▶ _WORK TASK_
No pictures go into the copy. Write out exactly the lines below from the one containing "2025新款全棉磨毛刺绣四件套系列-花蝴蝶" through the one containing "[Postcard, back. Enclosed".

▶ _GIVEN DATA_
────────────────────────────────────────
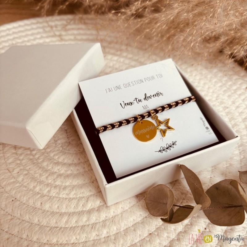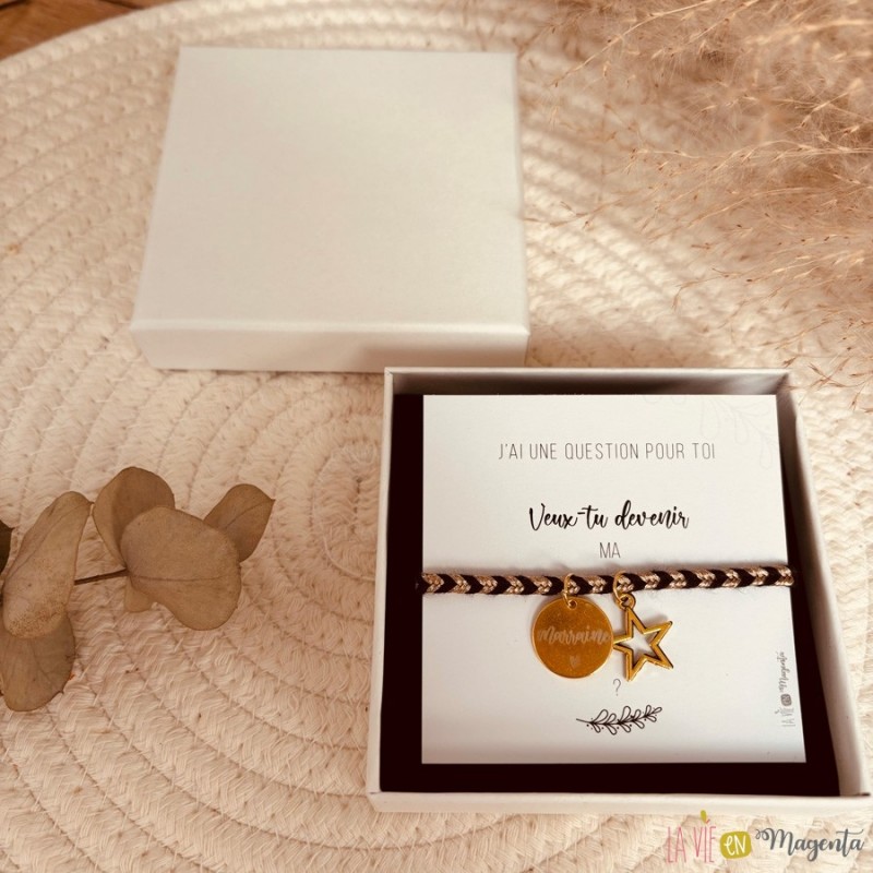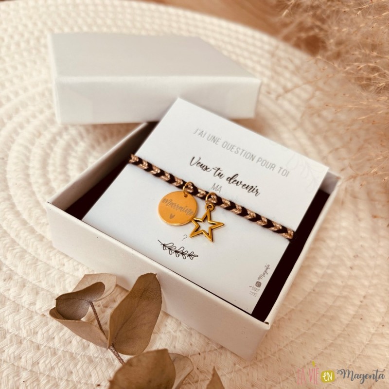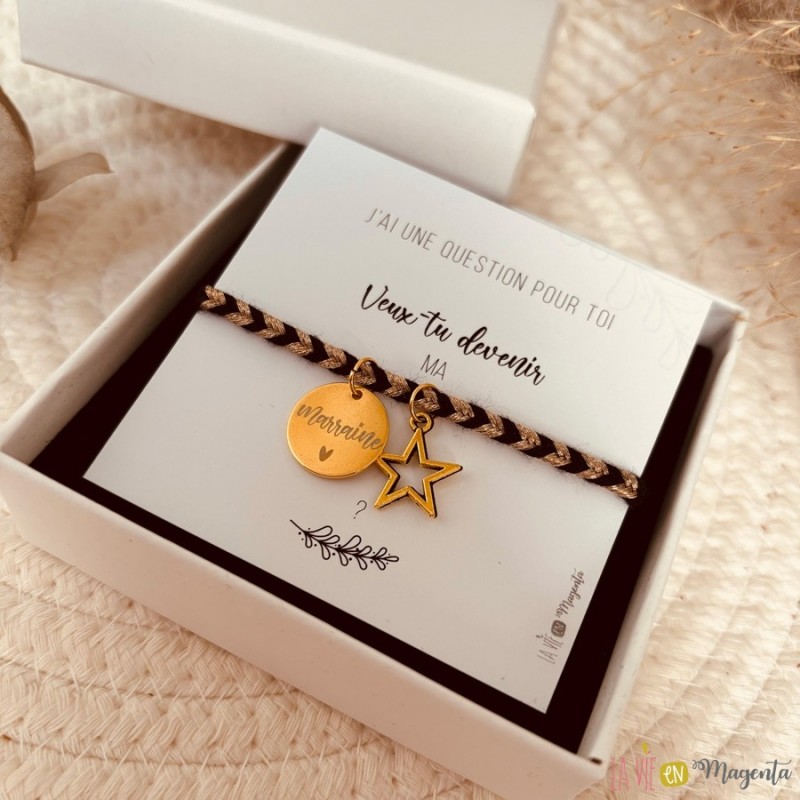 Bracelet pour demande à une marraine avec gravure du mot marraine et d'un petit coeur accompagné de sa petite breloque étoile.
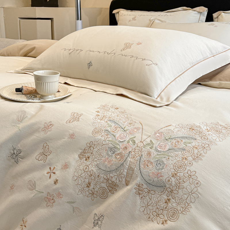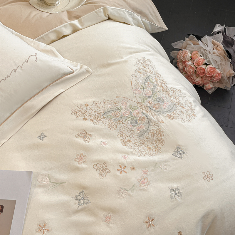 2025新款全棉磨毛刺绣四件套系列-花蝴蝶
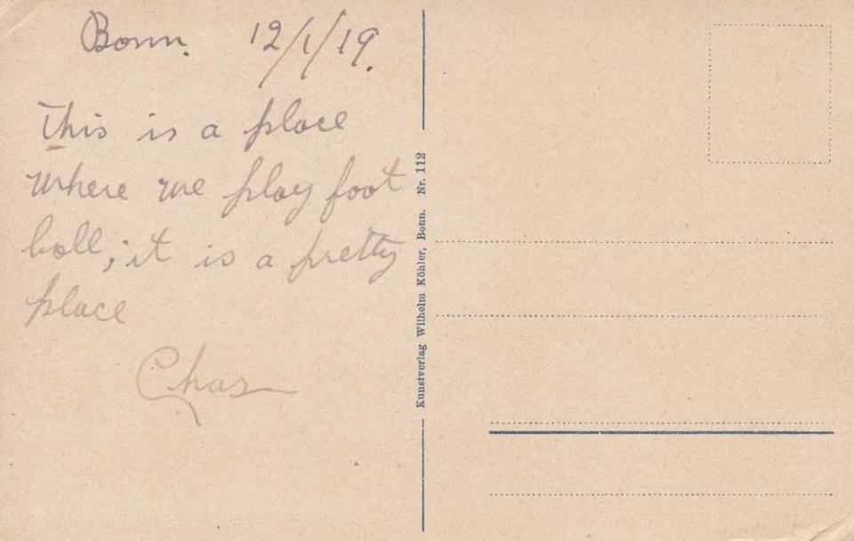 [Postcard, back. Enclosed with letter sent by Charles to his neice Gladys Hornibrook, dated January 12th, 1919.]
────────────────────────────────────────
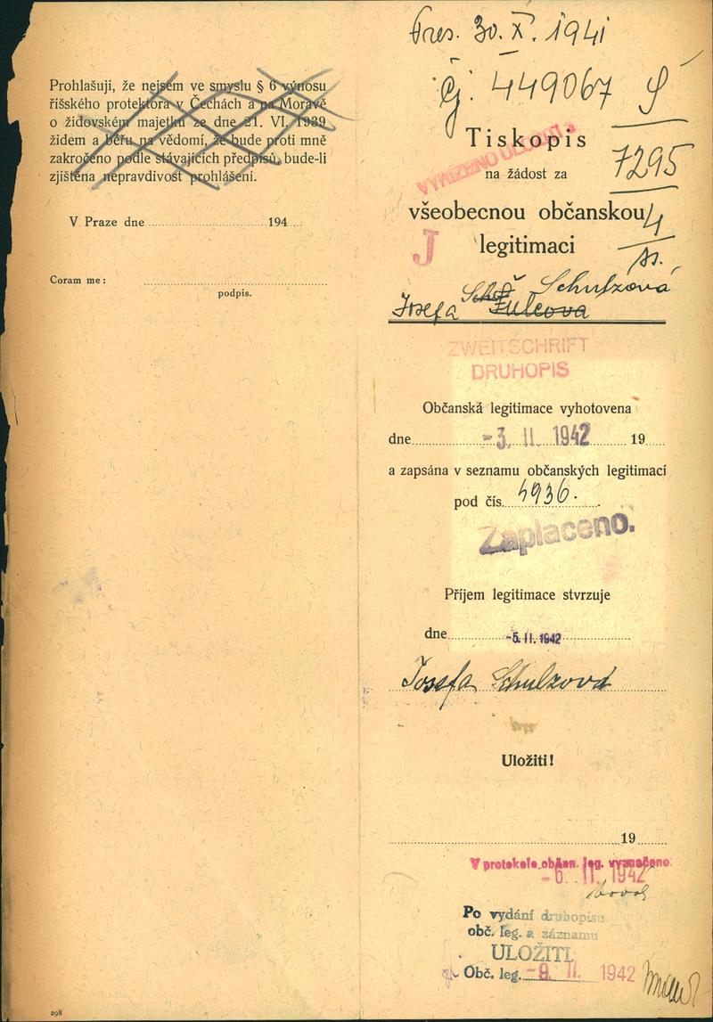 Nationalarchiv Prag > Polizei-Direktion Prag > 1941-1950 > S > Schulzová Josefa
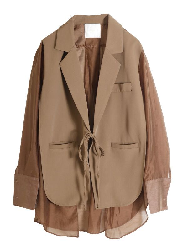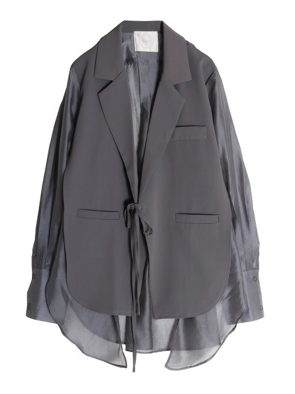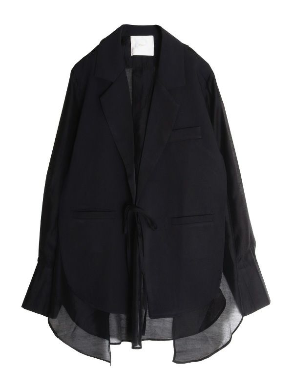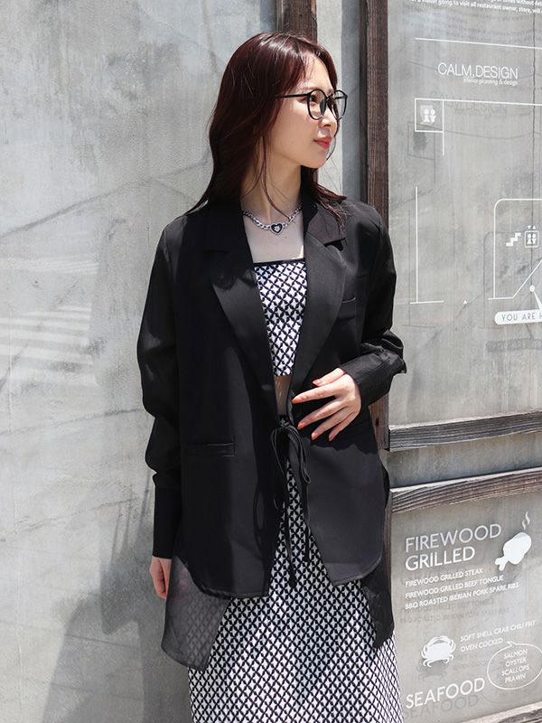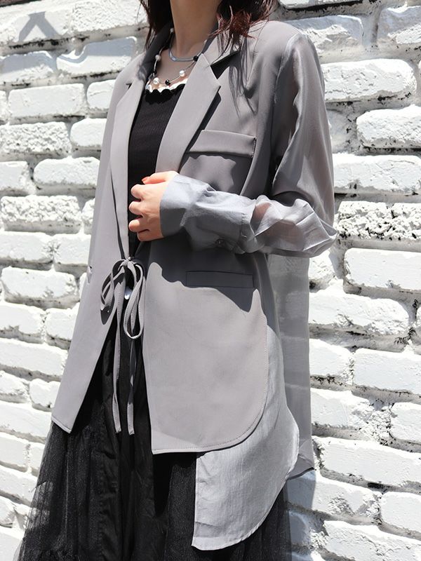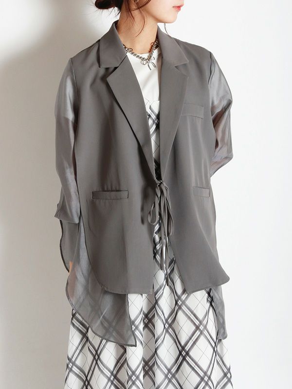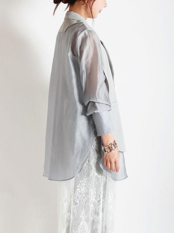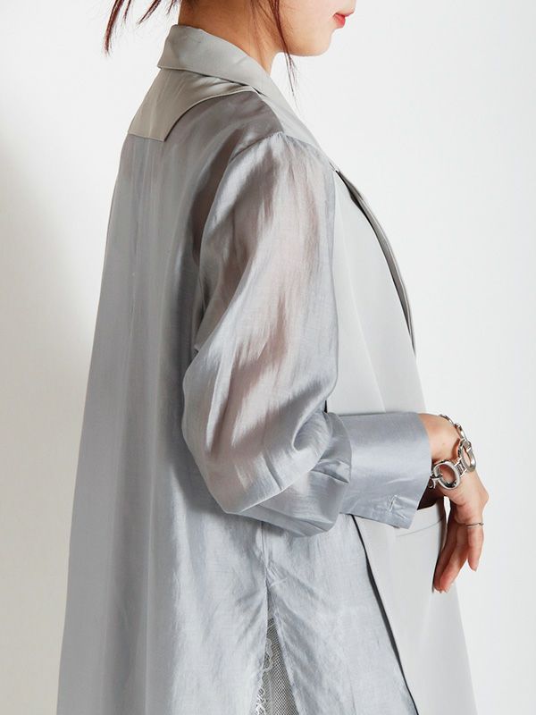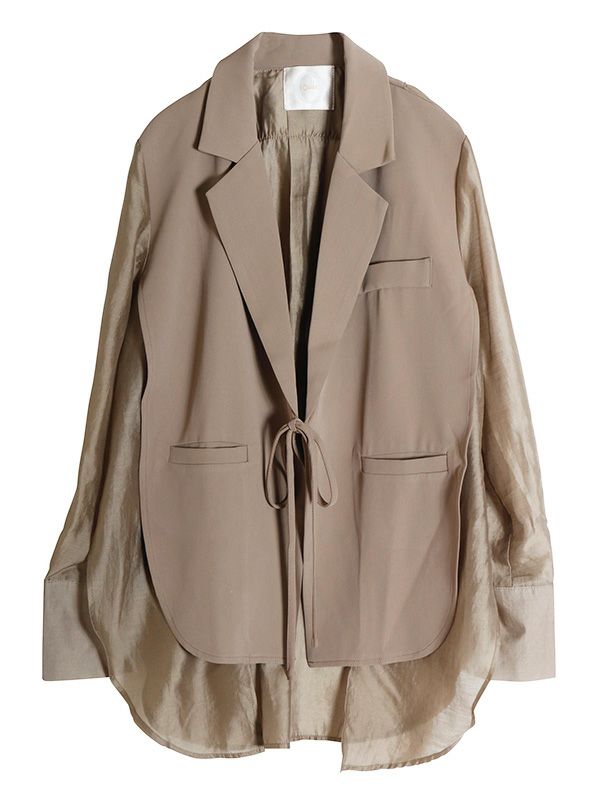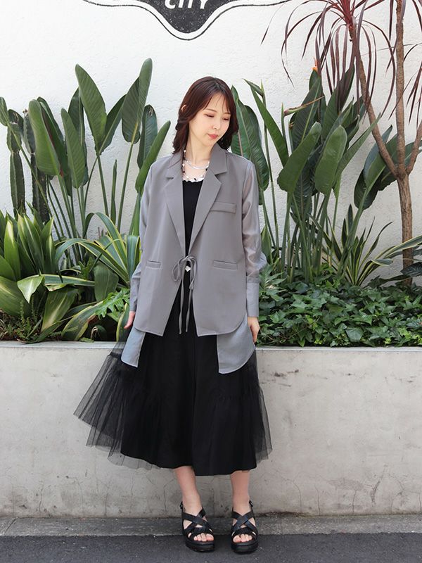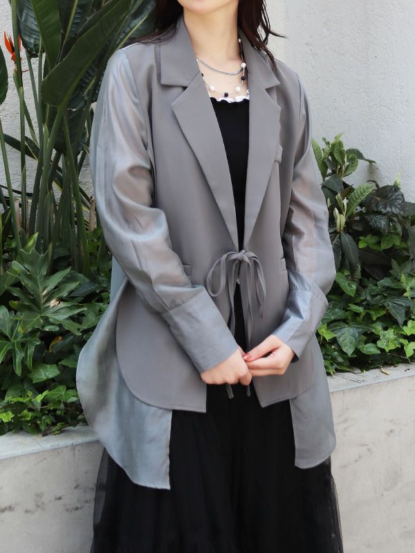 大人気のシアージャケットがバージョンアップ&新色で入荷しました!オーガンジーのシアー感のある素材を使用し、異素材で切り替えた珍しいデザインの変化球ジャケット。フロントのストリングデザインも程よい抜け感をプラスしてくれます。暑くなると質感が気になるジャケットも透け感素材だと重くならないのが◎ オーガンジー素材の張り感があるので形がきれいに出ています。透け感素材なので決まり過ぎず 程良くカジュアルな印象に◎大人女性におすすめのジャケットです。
────────────────────────────────────────
▶ _PROBLEM SOLUTION_
 2025新款全棉磨毛刺绣四件套系列-花蝴蝶
 [Postcard, back. Enclosed with letter sent by Charles to his neice Gladys Hornibrook, dated January 12th, 1919.]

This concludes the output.